There was something harsh, almost offensive, in the tone of the last words, and Basil turned in surprise towards the speaker.
“The Chevalier,” he said, “is very ready to risk his gold against me to-night.”
“‘Tis so, sir,” returned the Chevalier, with such singular arrogance that the watchers looked at each other significantly, and Carew whispered to a young man behind his chair, “Faith, our foreign friend is a bad loser after all!”
Basil had flushed, but he made no reply, and contented himself with raising his eyebrows somewhat contemptuously, while he languidly pushed his own dice-box across the table towards his new opponent.
“Come,” said the Chevalier, seizing it and shaking it fiercely, “I will not mince the stake. A hundred guineas on the main.”
He threw, and the result of all his rattling being after all the lowest cast of the evening, there was an ill-suppressed titter round the table. Basil made no attempt to hide his smile as he lazily turned over his dice and threw just one higher.
The German’s face had grown suffused with dark angry crimson; the veins of his throat and his temples began to swell.
“Double or quits,” he cried huskily. He threw and lost; doubled his stake, threw and lost again.
There was something about the scene that aroused the audience to more potent interest than the ordinary nightly repeated spectacle of loss and gain.
The extraordinary passion displayed by the foreigner, not only in his inflamed countenance, but in the very motion of his hands, in the rigid tension of his whole body, presented a strange contrast to the languor of his opponent. It was,moreover, a revelation in one who had been known hitherto as courteous and composed to formality.
“It is to be hoped some one has a lancet,” said Carew, “for I believe the gentleman will have an apoplexy unless a little blood be let soon.”
“I fear me,” answered his companion, “that there will be more blood let than you think for. Did you mark that look?”
At the same instant the Chevalier flung down his box with such violence that the dice, rebounding, flew about the room, and gazed across at Basil with open hatred, as one glad to give vent at last to long-pent-up fury.
“By Heaven, Mr. Jennico!” he cried, “were it not that I have been told how well you have qualified for this success, I should think there was more in such marvellous throwing of dice than met the eye. But your love affairs, I hear,—and I should have borne it in mind,—have been so disastrous, so more than usually disastrous,” here his voice broke into a sort of snarl, “as to afford sufficient explanation for the marvel.”
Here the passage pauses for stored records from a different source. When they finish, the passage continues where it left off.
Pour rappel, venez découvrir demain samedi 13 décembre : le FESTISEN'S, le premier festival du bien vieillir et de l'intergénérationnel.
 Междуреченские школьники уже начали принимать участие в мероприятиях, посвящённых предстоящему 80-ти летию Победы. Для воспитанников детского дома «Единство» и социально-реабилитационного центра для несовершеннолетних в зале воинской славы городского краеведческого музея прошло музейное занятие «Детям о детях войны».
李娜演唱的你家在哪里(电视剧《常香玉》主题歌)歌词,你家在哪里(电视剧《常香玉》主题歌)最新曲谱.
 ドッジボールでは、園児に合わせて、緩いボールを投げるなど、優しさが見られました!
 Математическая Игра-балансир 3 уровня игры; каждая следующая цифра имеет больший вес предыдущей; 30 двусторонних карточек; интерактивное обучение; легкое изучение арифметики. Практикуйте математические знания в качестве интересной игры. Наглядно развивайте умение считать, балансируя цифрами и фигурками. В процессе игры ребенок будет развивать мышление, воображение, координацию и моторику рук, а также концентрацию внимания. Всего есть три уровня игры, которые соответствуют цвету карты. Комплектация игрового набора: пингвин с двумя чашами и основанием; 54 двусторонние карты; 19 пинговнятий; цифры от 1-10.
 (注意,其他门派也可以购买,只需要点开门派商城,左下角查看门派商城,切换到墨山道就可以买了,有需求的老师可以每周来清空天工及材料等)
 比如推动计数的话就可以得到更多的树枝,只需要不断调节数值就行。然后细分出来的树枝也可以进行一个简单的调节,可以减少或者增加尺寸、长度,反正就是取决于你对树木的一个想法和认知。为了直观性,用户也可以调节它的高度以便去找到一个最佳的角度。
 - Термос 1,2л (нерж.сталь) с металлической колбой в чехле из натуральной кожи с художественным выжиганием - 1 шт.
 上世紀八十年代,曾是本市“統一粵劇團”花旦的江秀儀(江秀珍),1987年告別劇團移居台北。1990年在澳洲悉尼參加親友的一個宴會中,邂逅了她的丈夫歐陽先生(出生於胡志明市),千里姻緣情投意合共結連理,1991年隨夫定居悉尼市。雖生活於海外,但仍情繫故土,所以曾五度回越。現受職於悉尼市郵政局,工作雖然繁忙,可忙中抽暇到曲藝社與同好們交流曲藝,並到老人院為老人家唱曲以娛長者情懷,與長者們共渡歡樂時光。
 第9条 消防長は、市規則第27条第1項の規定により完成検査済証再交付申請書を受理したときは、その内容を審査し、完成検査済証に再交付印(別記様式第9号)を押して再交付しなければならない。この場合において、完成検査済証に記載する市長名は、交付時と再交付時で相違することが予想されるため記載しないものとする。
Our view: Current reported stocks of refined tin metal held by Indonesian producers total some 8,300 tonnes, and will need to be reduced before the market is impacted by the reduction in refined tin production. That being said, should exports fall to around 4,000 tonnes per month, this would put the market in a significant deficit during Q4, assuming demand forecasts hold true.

There was a cold silence. Then Jennico rose, white as death.
“If you know so much about me, sir,” he saidin tones that for all the anger that vibrated in them fell harmoniously upon the ear after the Chevalier’s savage outburst, “you should know too that there is a subject upon which I never allow any one to touch. Your first insinuation I pass over with the contempt it deserves, but as regards your observation on what you are pleased to call my love affairs, I can only consider it as an intentional insult. And this is my answer.”
The German in his turn had sprung to his feet, but Basil Jennico leant across the table, and before he could guard himself struck him lightly but deliberately across the mouth.